New to this forum and thought I would post some testing I have done with 30ga ductwork. Long story short I bought 30ga instead of 26ga as that what I thought was being used not doing proper research. Then after doing research many said it would collapse, however a few said they used it. A couple eluded to using plywood rings to make it work. Being a hose dragger for 15+ years I didn't want to install this and have it collapse. So I decided to do testing first. My DC is a 3hp Jet 1900. Specs say 1900 CFM, 5629 FPM, 12.5 static pressure @ 8". My test set up was three 5' sections with a wye on the end so I could incorporate my vacuum relief. The relief valve did not work. There were blast gates at the end and before the wye. I used flex hose to connect to the DC. I made three 6" plywood rings and placed them around the pipe center of the joints. 
My testing sequence was A) plywood rings, open gate open vacuum, B) plywood rings closed gate, open vacuum, C) plywood rings closed gate, closed vacuum. Then repeat without the rings. The results were with the plywood rings there was no failure. When I tested without rings and the vacuum open and gate closed the pipe collapsed. Not totally, but significantly. It didn't collapse completely as there was some vacuum relief and it did bounce back when the DC gate was open. The first photo is the test set up. All the photos are with the DC running. The second tries to show the pipe distortion. The picture shows 1/2 of my wood ring to give an idea of the distortion.
















I then expanded the test using 5 horizontal and 1 vertical duct, no vacuum relief. In this test I slammed the gate shut to simulate a sudden blockage. The horizontal pipe again collapsed without the rings, but no permanent set. However to my surprise the vertical duct did take a set. 
















I replaced the vertical and added plywood rings and repeated without damage. Also during the testing the orientation of the seam showed importance. When the seams were inline the duct collapsed easily. When I rotated the seams 90 degrees the pipe didn't collapse when shutting the gate normally. 

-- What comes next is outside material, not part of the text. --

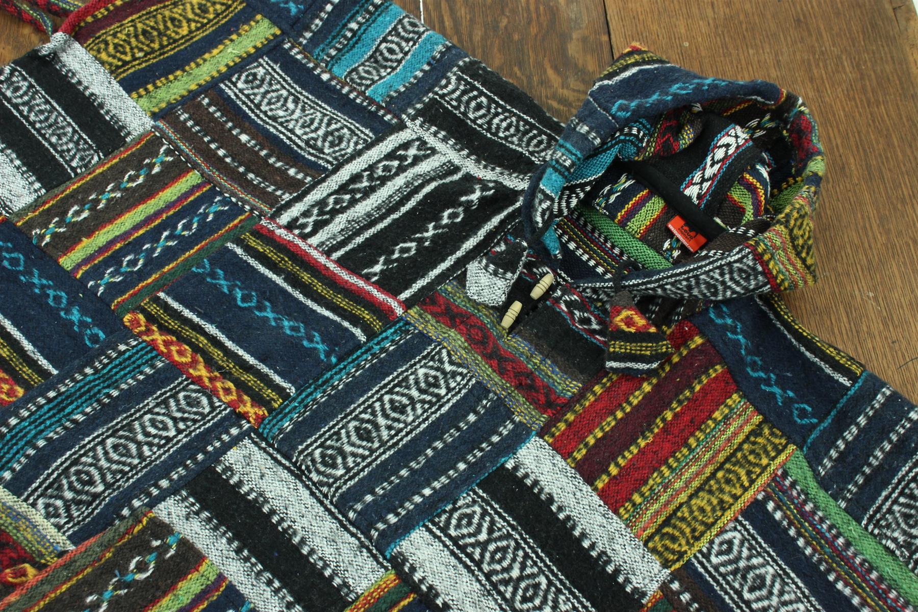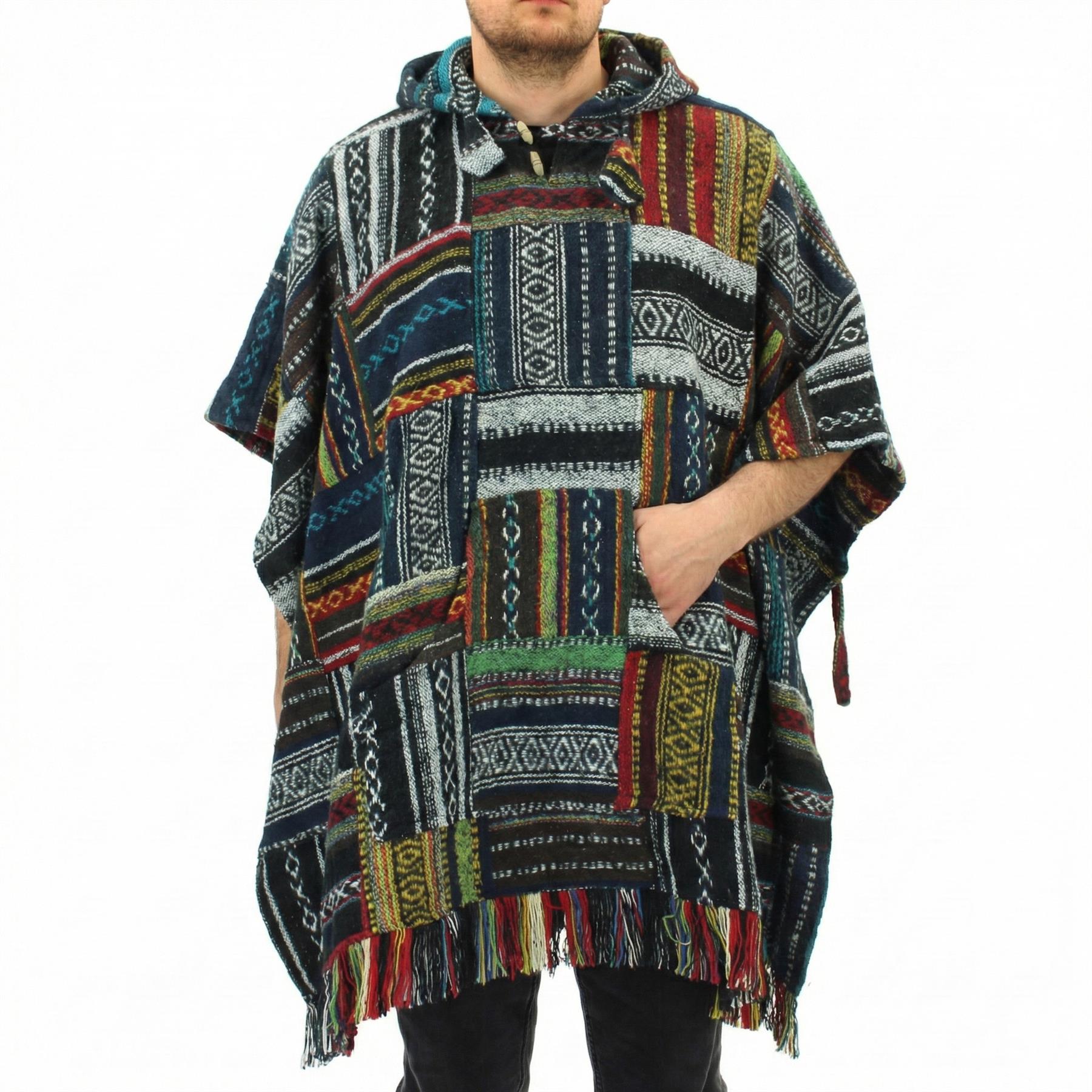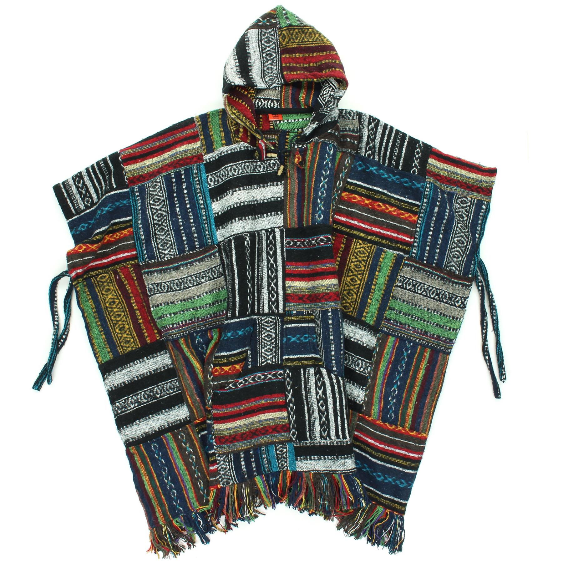 Brushed Cotton Hooded Poncho - Patchwork
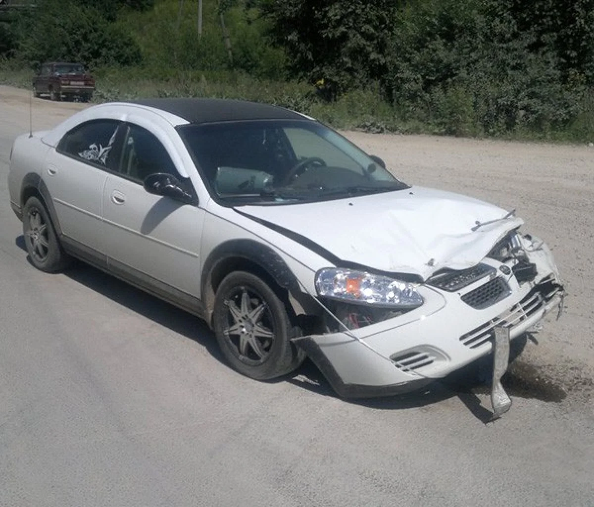 Dodge Stratus после столкновения с КАМАЗом в районе деревни Жилетово.

I am not recommending the use of 30ga, but just providing information. I have installed the 30ga with plywood rings and I have not seen any problems. I will post the installation later. Sorry for sideways pictures but can not figure out how to change.


----------



## Oneal-Woodworking (Apr 14, 2013)

By plywood rings - Do you mean the plywood rings holding the pipe up?

Also, Is that 4" pipe?

Just curious - Thanks for sharing your test results. :yes:


----------



## Bill5866 (Sep 3, 2015)

By plywood rings I took a 8" square piece of plywood and cut a 6" hole in it. The duct is all 6".


----------



## Oneal-Woodworking (Apr 14, 2013)

Bill5866 said:


> By plywood rings I took a 8" square piece of plywood and cut a 6" hole in it. The duct is all 6".


 
I follow now. :yes:

Appreciate you posting your results. Stuff like this is what helps me learn... :thumbsup:


----------